_Work instruction_
Excluding pictures, what does the listing below contain from the line with "第93届CMEF现场,GE医疗展示其Allia Celeo MAX朱雀旗舰型血管造影系统。新华网逦琛" up to and including the line with "Boy's christening gown", word for word?

_Recorded data_
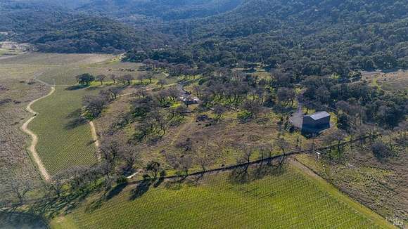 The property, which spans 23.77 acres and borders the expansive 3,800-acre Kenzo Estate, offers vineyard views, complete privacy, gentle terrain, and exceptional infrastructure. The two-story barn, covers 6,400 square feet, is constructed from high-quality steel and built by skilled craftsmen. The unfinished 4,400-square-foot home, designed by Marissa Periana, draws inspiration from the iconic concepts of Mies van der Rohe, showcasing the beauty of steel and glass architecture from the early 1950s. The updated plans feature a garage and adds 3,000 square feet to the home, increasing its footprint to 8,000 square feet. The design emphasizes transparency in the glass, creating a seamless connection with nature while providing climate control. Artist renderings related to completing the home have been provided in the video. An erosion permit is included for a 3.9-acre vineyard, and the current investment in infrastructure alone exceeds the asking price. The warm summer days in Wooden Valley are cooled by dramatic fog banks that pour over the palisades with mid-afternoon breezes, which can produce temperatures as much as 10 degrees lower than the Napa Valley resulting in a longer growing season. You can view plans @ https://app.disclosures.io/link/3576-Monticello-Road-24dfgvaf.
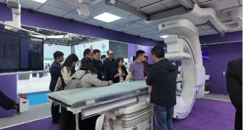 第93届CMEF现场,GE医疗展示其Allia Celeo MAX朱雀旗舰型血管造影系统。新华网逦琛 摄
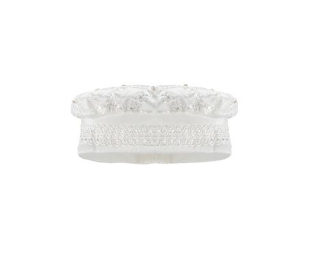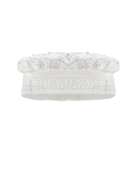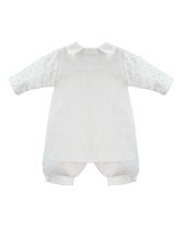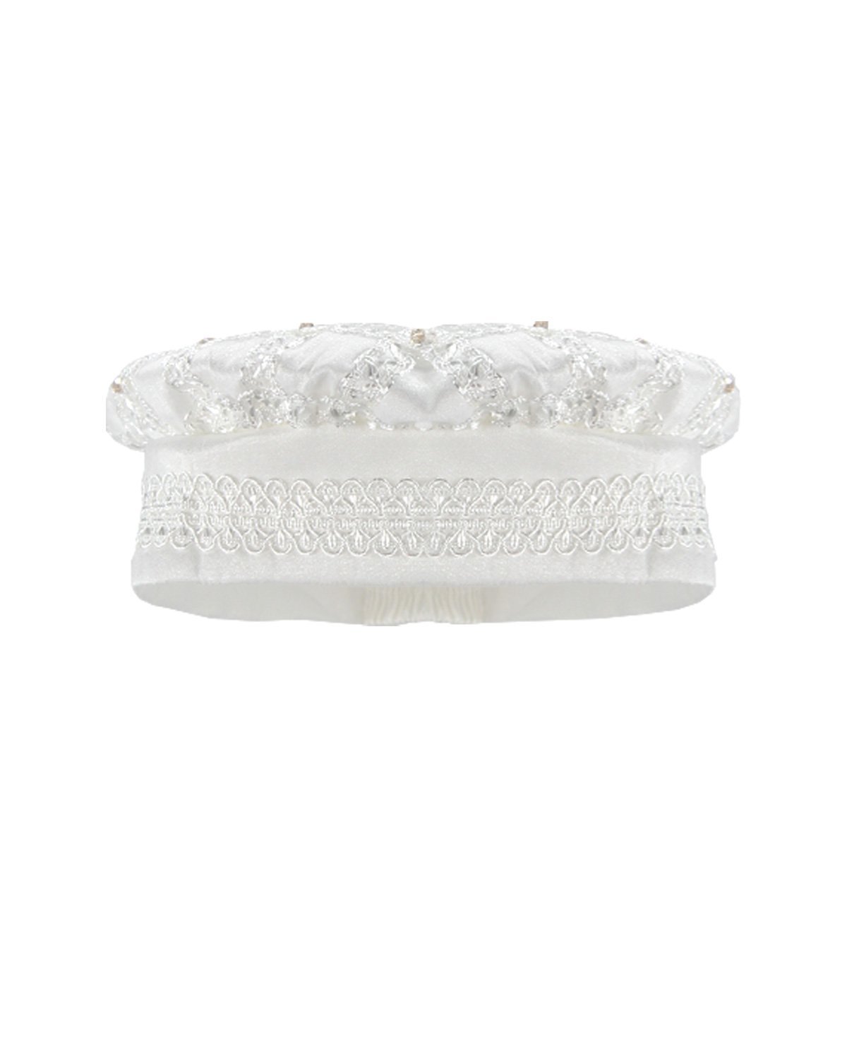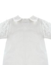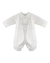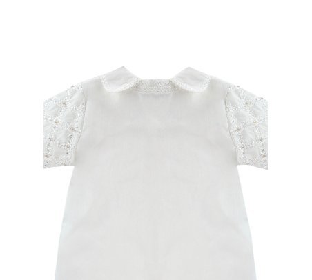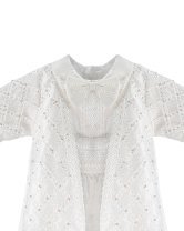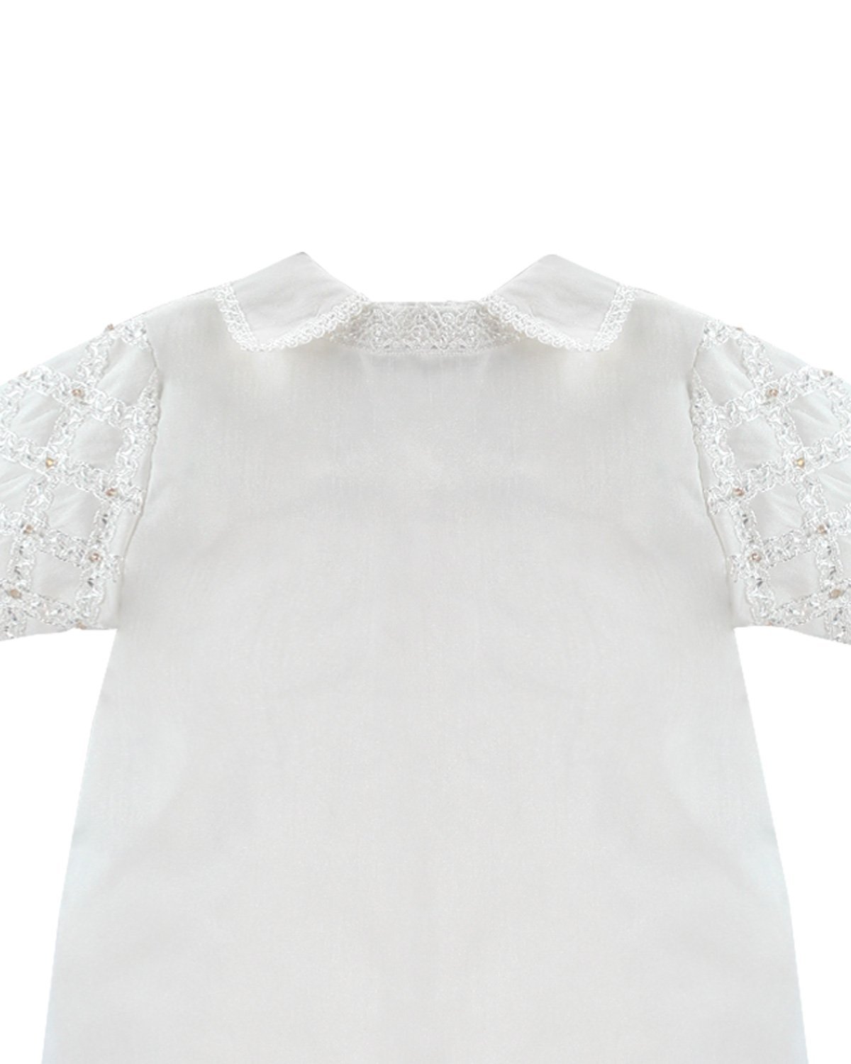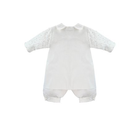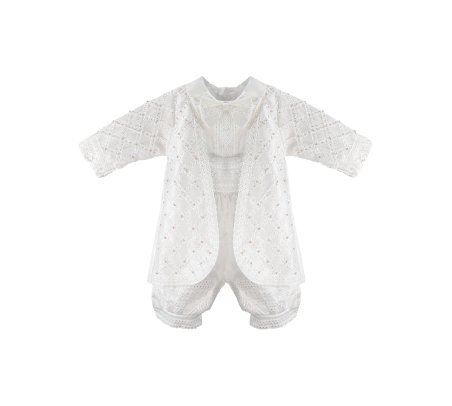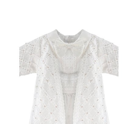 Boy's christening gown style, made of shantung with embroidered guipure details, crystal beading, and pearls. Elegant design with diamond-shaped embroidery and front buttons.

---

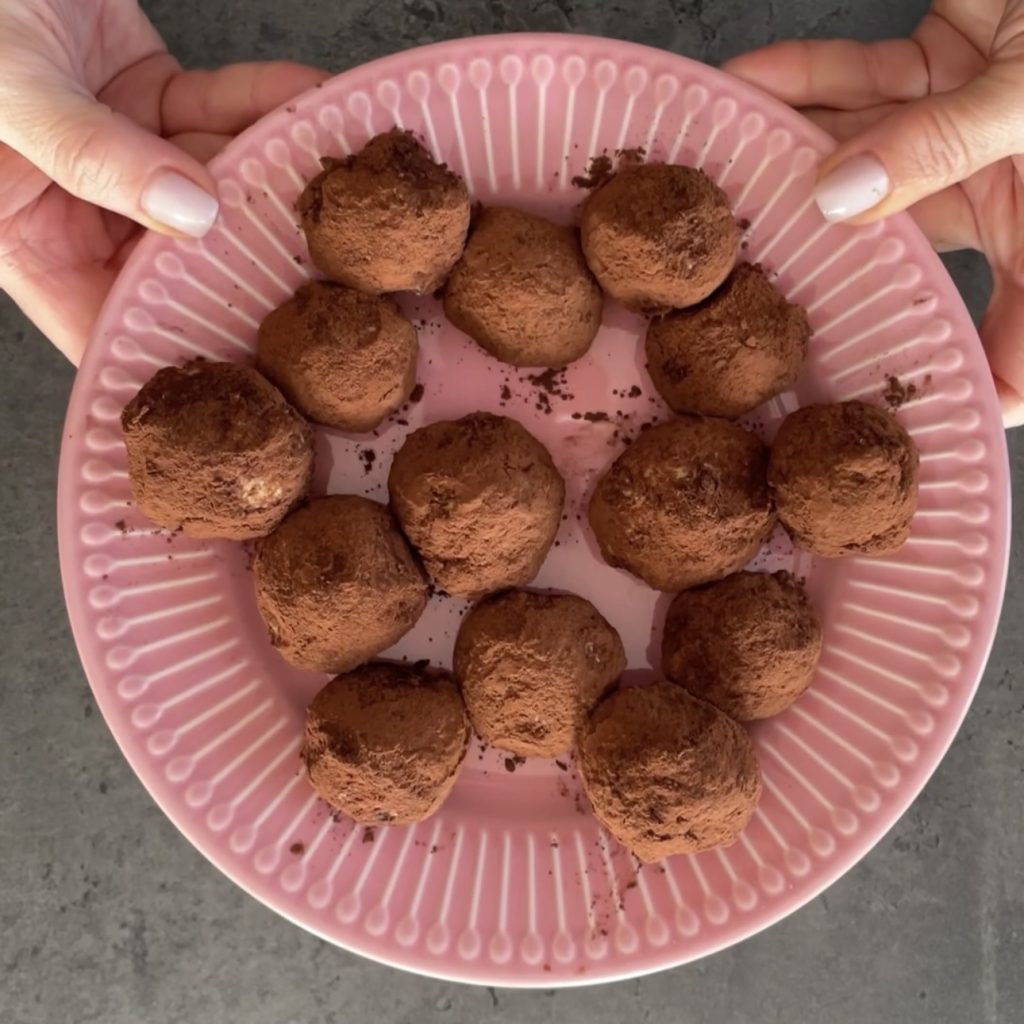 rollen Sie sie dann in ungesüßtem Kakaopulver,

_Solved exercise_
 第93届CMEF现场,GE医疗展示其Allia Celeo MAX朱雀旗舰型血管造影系统。新华网逦琛 摄
 Boy's christening gown style, made of shantung with embroidered guipure details, crystal beading, and pearls. Elegant design with diamond-shaped embroidery and front buttons.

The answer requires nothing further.